Blood pressure drugs could DOUBLE the risk of leg amputation in patients with type 2 diabetes

Diabetics who take medication to lower their blood pressure could be more than twice as likely to have their leg amputated.

Patients taking diuretics, also known as ‘water pills’, have an increased risk of various problems with their feet and legs, a study has revealed.

People with diabetes already suffer more serious foot and lower leg conditions because the condition causes nerve damage and reduces circulation.

But diuretic medications could push this risk ‘significantly’ higher because they reduce the amount of blood flowing round the body, experts warn.

People with type 2 diabetes who take diuretic medication, which can be used to lower blood pressure, could be up to 2.3 times more likely to need a lower limb amputation because of their condition, according to French researchers

Research by the Assistance Publique – Hôpitaux de Paris discovered the link between the drugs and lower limb problems.

Amputations of the feet and lower legs are a serious concern for people with type 2 diabetes.

And they are more likely to need blood vessels in their legs bypassed or widened with surgery because of poor circulation.

People with the condition suffer more problems because a combination of nerve damage and bad blood flow mean small wounds can either go unnoticed or take a long time to heal, increasing the risk of infection and gangrene.

HOW CAN DIABETES LEAD TO FOOT AMPUTATIONS? 

People with diabetes are far more likely to need their toes or feet amputated because their injuries do not heal normally. 

High blood sugar can cause nerve damage which means patients cannot feel their skin as well and may not know when they have a wound, or feel how serious it is.

And diabetes restricts circulation in the legs, which slows down healing because oxygen and nutrients are in short supply.

The combination of these two factors means it can take longer for people to get over injuries and the healing time means there is more opportunity for it to become infected or for flesh to die because of gangrene.

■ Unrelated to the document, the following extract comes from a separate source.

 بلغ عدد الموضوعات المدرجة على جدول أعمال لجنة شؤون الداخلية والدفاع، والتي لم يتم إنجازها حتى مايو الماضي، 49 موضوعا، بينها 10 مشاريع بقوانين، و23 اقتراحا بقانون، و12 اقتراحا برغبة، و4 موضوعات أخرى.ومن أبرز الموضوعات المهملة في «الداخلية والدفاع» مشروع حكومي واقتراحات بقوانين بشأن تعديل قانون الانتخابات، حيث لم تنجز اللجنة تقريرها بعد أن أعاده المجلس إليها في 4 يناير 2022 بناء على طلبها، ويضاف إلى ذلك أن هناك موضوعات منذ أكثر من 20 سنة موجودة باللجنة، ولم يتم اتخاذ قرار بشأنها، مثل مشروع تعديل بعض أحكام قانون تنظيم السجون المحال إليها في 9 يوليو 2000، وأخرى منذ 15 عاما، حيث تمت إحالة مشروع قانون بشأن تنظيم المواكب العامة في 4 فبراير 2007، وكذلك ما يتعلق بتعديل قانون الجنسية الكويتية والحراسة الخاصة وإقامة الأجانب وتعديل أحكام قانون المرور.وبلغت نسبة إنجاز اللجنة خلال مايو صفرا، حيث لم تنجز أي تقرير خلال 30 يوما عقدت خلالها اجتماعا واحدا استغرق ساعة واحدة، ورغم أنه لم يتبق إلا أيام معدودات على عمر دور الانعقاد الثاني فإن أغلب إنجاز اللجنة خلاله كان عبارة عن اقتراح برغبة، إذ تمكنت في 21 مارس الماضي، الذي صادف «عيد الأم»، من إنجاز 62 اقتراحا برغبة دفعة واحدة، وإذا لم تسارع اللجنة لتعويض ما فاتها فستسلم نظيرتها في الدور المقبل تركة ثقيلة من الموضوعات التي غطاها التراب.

If an injury becomes too infected or untreatable the affected part of the body may have to be cut off.

Source: American Podiatric Medicine Association  

In a study which followed 1,459 diabetics for seven years until December 2015, 13 per cent of diuretic users (85 out of 670) had a serious problem with their legs.

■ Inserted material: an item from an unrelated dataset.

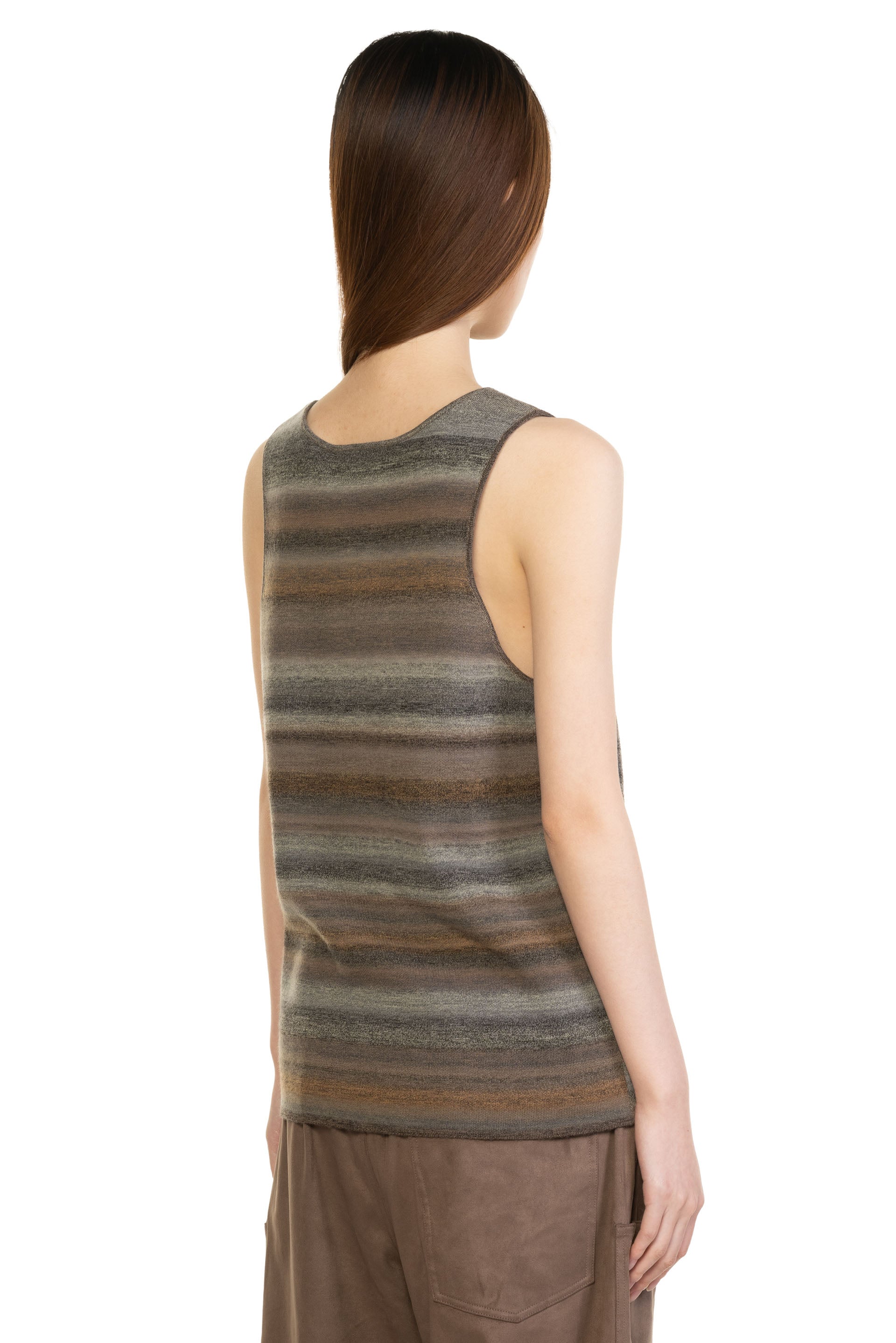 Swaying/knit Striped Wool Vest in Grey Brown. Sleeveless. Blurred stripes design. Soft knitted fabric.

Meanwhile, only seven per cent of those not taking the drugs (57 out of 789) had a similar problem.

An even more specific breakdown compared 537 medicine users with 537 non-users who were otherwise similar and found those on the drugs were 2.3 times more likely to need an amputation.

Lead author Dr Louis Potier said: ‘Among patients with type 2 diabetes treated with diuretics, there was a significant and independent increase in the risk of lower limb events, coming predominantly from a rise in lower extremity amputations.

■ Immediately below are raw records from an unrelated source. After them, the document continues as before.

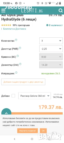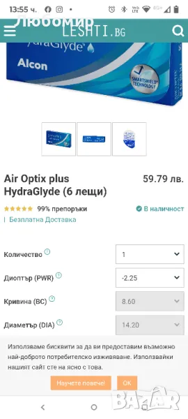 Air Optix plus HydraGlyde 23лещи -2.25
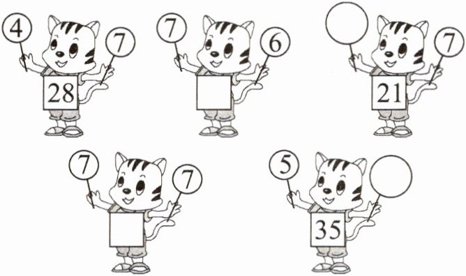 $5×7 + 3 =$ $4×7 + 2 =$
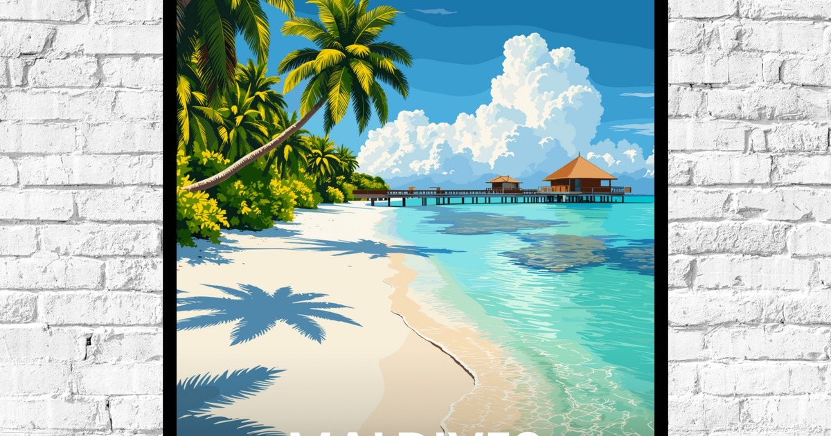 Our Maldives Travel Print - Vintage Travel Art Poster is available in the always ideal Portrait orientation, or it can be fully customized to your liking. Perfect for any space, this work comes in various size options and finishing materials. In fact, your Maldives Travel Print - Vintage Travel Art Poster will have a classic, gallery-quality look when you choose from Matte Poster, Metal Frame, Canvas, Wood Print, and more. Don't hesitate! Give your walls the makeover they deserve!

‘Diuretics should be used cautiously in patients with type 2 diabetes at risk of amputations.’

The researchers explained they found the link after a recent study revealed a different type of drug used to lower blood sugar increased the risk of amputation.

This drug, canagliflozin, reduced the amount of blood in the body in the same way as diuretics, leading to hypovolemia – a low blood volume – which scientists believe is the link to amputation risk.

That finding led them to suggest both drugs would have the same effect.

Their research confirmed this and was presented at the annual meeting of the European Association for the Study of Diabetes in Berlin.

Dr Potier added: ‘Further studies are needed to explore the role of drug-induced hypovolaemia in the association between the use of diuretics and lower limb events.’